Jonathon M. Singer -- Chief Financial and Administrative Officer

Yeah. So as you indicated, we'll have somewhere between $175 million and $200 million in cash on the balance sheet upon the close of the transaction. Our primary focus is to evaluate the investment necessary to support the growth, both through the internal and external development. We continue to be focused on differentiation and scale as critical to the long-term success of the Spine business. And as we did with the Zyga and coflex acquisition, to the extent that there are products out there that are developed on market that we think complement the strategy, we'll continue to evaluate them as we go forward. So I think the priority is positioning the business, both in the short term and long term to achieve the double-digit growth that we outlined. And that's really going to be the priority as we evaluate cash needs of the business going forward.

Craig Bijou -- Cantor Fitzgerald -- Analyst

Great. Thanks for taking the questions guys, and congrats again.

Camille I. Farhat -- President and Chief Executive Officer

Thank you very much, Craig.

Operator

Thank you. And our next question comes from Lee Cooperman with Omega Family Office. Your line is open.

Lee Cooperman -- Omega Family Office -- Analyst

Thank you. I have three questions, if I could just put them out here and you can handle them in anywhere you like. Roughly what is the cash flow characteristics of RemainCo? Is that a business that's going to generate cash or use cash, number one? Number two, really to get more granularity on the other questioner's question, any company can use their cash flow to either acquire, pay dividends, spend on capex or stock repurchase, how would you prioritize these different uses of cash in terms of going forward, dividends, acquisitions, capex, stock repurchase? And finally, I'm just out of [Phonetic] curiosity, will this transaction result in a gain or loss upon at closing? Thank you very much and congratulations.

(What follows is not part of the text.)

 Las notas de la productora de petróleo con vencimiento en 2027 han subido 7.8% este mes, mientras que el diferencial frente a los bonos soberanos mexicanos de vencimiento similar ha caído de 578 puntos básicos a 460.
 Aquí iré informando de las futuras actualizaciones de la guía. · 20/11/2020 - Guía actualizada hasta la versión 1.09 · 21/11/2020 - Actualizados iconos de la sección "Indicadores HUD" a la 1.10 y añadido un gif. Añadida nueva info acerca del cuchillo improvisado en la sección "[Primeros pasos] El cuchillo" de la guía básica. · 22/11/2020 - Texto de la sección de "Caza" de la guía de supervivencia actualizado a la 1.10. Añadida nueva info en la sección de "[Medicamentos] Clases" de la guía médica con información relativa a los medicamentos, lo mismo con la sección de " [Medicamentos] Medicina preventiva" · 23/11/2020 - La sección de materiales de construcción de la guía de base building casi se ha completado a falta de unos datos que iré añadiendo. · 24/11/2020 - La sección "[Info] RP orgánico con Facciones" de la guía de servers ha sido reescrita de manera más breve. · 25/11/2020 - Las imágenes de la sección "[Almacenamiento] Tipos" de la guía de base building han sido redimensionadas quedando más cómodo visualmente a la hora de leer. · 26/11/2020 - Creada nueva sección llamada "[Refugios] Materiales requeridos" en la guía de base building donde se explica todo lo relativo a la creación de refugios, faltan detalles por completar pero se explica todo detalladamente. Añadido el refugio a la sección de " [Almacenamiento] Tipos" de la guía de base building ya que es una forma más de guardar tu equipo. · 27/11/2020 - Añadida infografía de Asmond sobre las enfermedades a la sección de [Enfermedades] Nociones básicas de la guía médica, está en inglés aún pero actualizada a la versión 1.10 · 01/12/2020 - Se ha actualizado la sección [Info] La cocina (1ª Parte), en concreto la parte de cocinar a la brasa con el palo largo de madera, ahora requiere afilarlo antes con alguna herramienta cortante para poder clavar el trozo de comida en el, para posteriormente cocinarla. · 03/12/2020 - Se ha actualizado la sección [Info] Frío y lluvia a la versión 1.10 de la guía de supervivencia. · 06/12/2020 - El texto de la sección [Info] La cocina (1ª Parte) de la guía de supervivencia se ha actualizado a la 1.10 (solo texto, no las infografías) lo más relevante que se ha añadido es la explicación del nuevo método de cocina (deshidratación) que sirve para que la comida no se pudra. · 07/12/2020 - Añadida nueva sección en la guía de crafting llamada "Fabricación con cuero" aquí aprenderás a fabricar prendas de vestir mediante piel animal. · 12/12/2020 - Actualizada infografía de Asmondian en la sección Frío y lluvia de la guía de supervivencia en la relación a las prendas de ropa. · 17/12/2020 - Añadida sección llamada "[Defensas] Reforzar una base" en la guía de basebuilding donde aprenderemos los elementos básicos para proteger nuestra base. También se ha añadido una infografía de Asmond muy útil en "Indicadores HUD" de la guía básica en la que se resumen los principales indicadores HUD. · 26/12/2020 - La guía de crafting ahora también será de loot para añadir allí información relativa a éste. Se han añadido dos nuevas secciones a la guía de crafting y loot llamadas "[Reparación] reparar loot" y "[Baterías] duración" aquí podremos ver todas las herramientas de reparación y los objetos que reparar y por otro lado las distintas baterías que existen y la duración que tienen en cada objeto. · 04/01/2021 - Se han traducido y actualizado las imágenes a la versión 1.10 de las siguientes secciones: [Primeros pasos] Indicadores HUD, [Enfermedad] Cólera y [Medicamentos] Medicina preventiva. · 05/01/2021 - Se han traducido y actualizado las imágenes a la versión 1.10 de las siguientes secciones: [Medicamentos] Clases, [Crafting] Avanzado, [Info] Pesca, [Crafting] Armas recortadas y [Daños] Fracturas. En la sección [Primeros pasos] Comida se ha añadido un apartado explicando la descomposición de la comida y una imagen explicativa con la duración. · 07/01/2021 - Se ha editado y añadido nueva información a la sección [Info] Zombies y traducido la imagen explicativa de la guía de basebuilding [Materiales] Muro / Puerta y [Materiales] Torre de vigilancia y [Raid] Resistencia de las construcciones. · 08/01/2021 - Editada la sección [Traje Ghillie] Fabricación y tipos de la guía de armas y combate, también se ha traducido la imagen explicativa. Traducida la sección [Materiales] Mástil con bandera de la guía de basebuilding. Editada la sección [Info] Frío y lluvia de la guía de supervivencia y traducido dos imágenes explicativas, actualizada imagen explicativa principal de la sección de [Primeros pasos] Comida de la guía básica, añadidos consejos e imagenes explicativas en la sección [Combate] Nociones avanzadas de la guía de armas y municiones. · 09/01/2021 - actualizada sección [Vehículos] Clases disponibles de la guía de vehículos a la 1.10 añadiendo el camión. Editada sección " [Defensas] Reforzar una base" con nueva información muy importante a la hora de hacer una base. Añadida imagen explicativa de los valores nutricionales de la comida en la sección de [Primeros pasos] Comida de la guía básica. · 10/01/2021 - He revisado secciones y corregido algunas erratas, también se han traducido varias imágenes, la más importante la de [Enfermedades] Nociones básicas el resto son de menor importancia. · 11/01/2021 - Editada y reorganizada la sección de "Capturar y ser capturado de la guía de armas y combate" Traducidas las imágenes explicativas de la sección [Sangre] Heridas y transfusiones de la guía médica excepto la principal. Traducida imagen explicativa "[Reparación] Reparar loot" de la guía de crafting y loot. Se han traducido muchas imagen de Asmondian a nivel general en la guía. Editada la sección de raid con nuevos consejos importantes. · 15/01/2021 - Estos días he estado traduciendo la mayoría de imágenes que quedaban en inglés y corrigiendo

Jonathon M. Singer -- Chief Financial and Administrative Officer

Thank you. So in the short term, the business will be a cash user in 2020. Particularly as we separate and make the investments necessary for it to be a stand-alone business, we'll provide detailed guidance around the profile as we complete the planning on the separation and get closer to the close.

You outlined -- as we indicated, we're evaluating the capital structure of the business and we'll go through that evaluation in conjunction with the finalization of the cash needs as a result of the separation. And I think we'll have a better answer for you on that question in conjunction with close. And then what was the third question?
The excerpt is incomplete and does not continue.